原作では彼女は男性恐怖症、いや人間恐怖症のような女性だった。基本的にはとてもクールで、他者に対しての言葉が辛辣(特に男性に対して)。そのため彼女に近寄ると、私から離れなさい、と怒気を込めた声で言われる。ただし、それは初めだけだ。とあるイベントを経てつきあい始めると、態度が百八十度変わる。
そう、デレッデレのデロッデロになるのだ。
酸っぱい果実だったのに、熟れた果実に変わるのだ。しかしそのためには彼女のとあるイベントを起こし、事件を解決しなければならない。
また、件のイベントを経ても、主人公以外の男性には対応が酷く、瀧音幸助に至っては羽虫以下の扱いを受ける。ただそれが紳士諸君の独占欲を刺激するのか、とてつもない人気を誇っていた。後ほどアペンドディスク(追加パッチ)などでヒロインが十二人からさらに増えるも、その人気に陰りはなかった。
では、なぜ彼女は人を、特に男性を嫌うのだろうか。
(もしかして俺はその原因にいるのかもしれない)
追い詰められたリュディ達は、異形の銃を突きつけられる。先ほどカフェにいた怪しい外人も一緒になって銃を構えていた。

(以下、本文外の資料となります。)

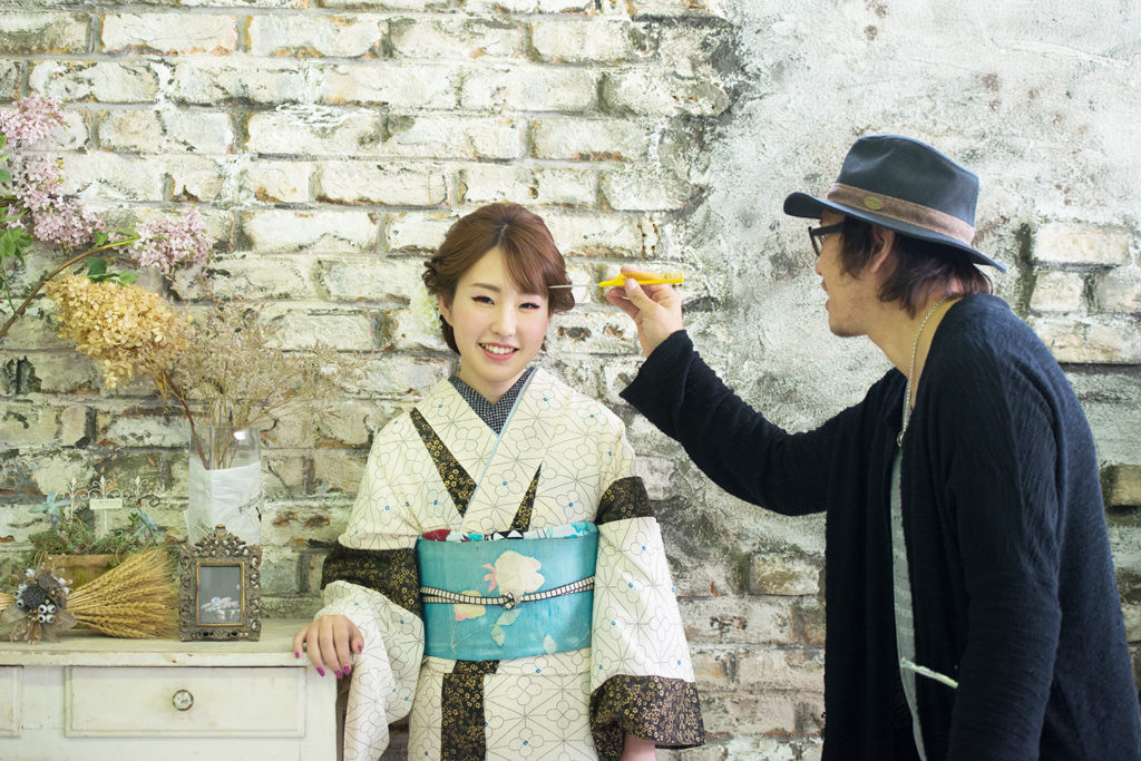 スタイルアンドスタイリスト半田山スタジオにてヘアメイクさんによる古着物の撮影会がありました。スタジオには15 人以上のヘアメイクさんが作品づくりの撮影にのぞまれました。ヘアサロン「パヴェ」さんとパヴェのお客様もモデルさんとして参加。浜松で活躍する美容師さんの熱意と真剣な眼差しを感じられた1 日でした。

「お嬢様は勘違いされてるな。俺らは裏切ってなどいないよ、最初からこっち側だっただけさ」
リュディにそう答えるスキンヘッドの男性。
状況から察するに、どうやら彼らはリュディに仕えていたらしい。
怒りからか顔をゆがませ歯がみするリュディ。にじり寄る人々によって壁際に追い詰められるも、彼女の瞳に諦めの色はない。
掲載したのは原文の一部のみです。